> **PROBLEM STATEMENT**:
The records are to be copied from the line that contains "YAS TIE FRONT" through their last line, word for word, with every picture left out.

------------------------------------

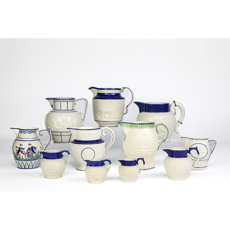 moulded with classical, bucolic and hunting scenes, one depicting Lord Nelson and HMS Victory, one with crowns and feathers, another with peacocks, one hunting jug marked Davenport (11)
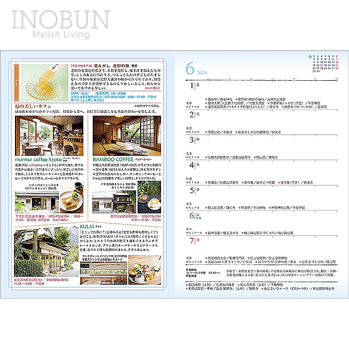 2026年 スケジュール帳 京都手帖 【京都限定版】 ウィークリー 木版画柄 雨/町家 観光ガイド マップ付き 12月始まり
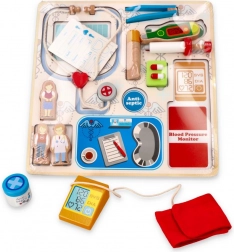 Deti sa zábavnou formou učia rozpoznávať stetoskop, teplomer, injekciu a ďalšie pomôcky a správne ich vkladať na svoje miesto.
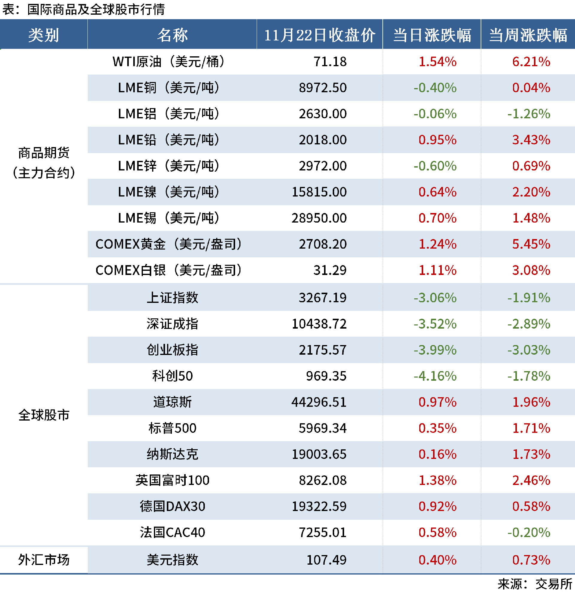 當(dāng)周,商品期貨方面,主要商品期貨價格多數(shù)上漲,原油價格大幅上漲6.21%。全球股市方面,中國股市全部下跌;歐美股市多數(shù)上漲,其中,法國CAC40小幅下跌0.20%。外匯市場方面,美元指數(shù)收于107.49,上漲0.73%。
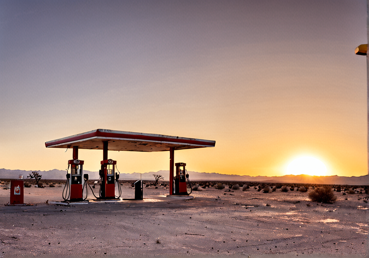 photograph, panorama, desert, abandoned gas station in distance, weathered, old pumps, barren, sunset, Canon RF, Depth of field 100mm, vanishing point, elegant, very coherent, surreal, beautiful composition, excellent composition, beautiful elegant
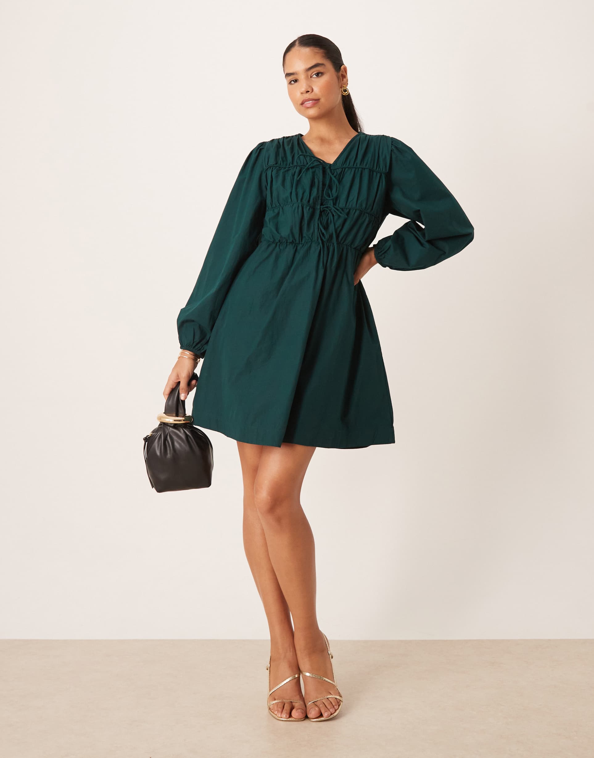 YAS TIE FRONT LONG SLEEVE MINI DRESS IN DEEP JEWEL GREEN
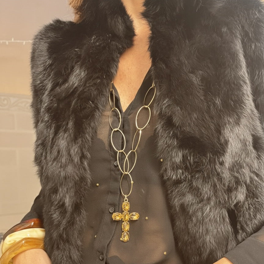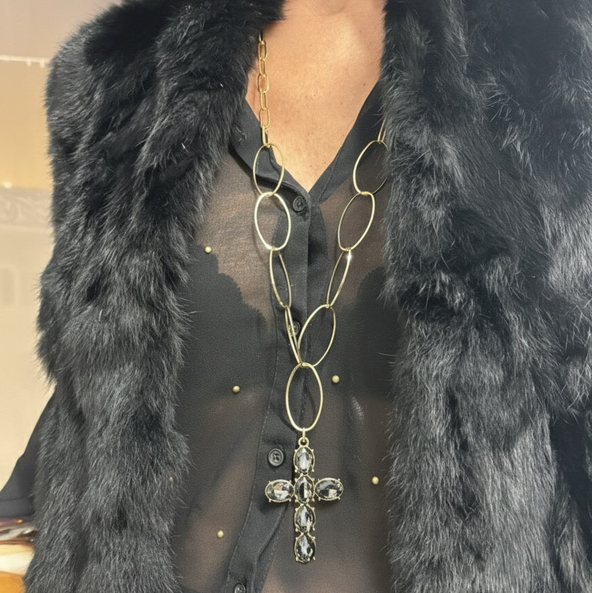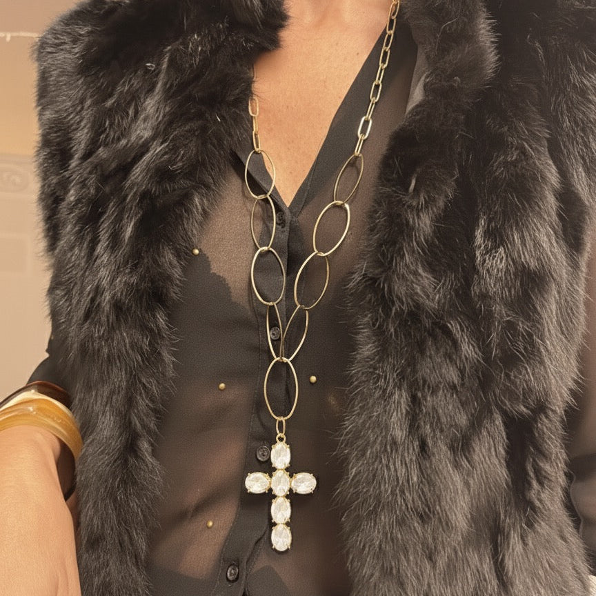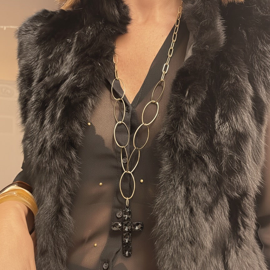 Descripción: El collar Sacra combina la fuerza del dorado con la elegancia de una cruz central que simboliza protección y poder interior.

------------------------------------

> **EXPECTED OUTPUT**:
 YAS TIE FRONT LONG SLEEVE MINI DRESS IN DEEP JEWEL GREEN
 Descripción: El collar Sacra combina la fuerza del dorado con la elegancia de una cruz central que simboliza protección y poder interior.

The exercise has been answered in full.